Exercise brief> What you return should be only the lines starting at the one that contains "取り組みの開始に際し、球団マ" and running to the end of the listing, exactly as written, minus any pictures.

Data extract: Begin

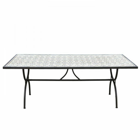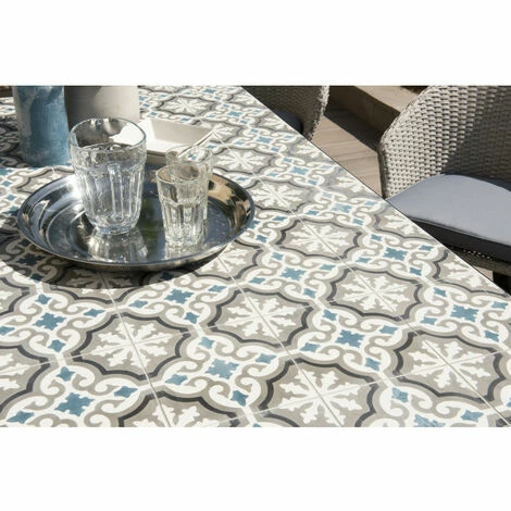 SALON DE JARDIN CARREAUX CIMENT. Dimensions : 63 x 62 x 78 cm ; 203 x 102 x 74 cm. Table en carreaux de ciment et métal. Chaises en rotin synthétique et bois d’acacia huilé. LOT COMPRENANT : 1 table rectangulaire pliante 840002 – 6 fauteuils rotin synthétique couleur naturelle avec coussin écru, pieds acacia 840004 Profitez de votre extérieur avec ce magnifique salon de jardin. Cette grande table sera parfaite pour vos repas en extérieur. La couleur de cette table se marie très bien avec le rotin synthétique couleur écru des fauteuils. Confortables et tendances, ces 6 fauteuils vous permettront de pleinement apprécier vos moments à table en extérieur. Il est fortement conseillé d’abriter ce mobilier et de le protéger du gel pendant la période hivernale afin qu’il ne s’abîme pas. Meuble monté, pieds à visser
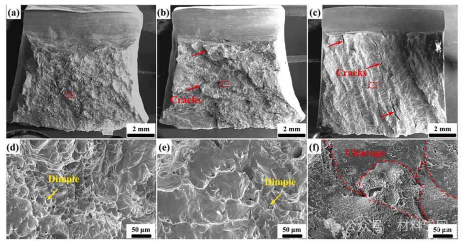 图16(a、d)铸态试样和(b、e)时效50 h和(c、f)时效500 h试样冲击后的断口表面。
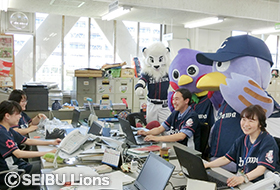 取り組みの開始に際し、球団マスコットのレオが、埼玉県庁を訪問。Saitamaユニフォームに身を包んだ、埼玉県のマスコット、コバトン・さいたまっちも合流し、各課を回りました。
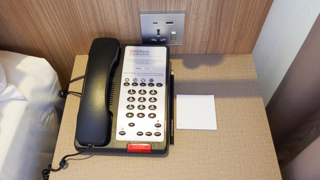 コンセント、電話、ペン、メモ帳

Data extract: End

Task result>
 取り組みの開始に際し、球団マスコットのレオが、埼玉県庁を訪問。Saitamaユニフォームに身を包んだ、埼玉県のマスコット、コバトン・さいたまっちも合流し、各課を回りました。
 コンセント、電話、ペン、メモ帳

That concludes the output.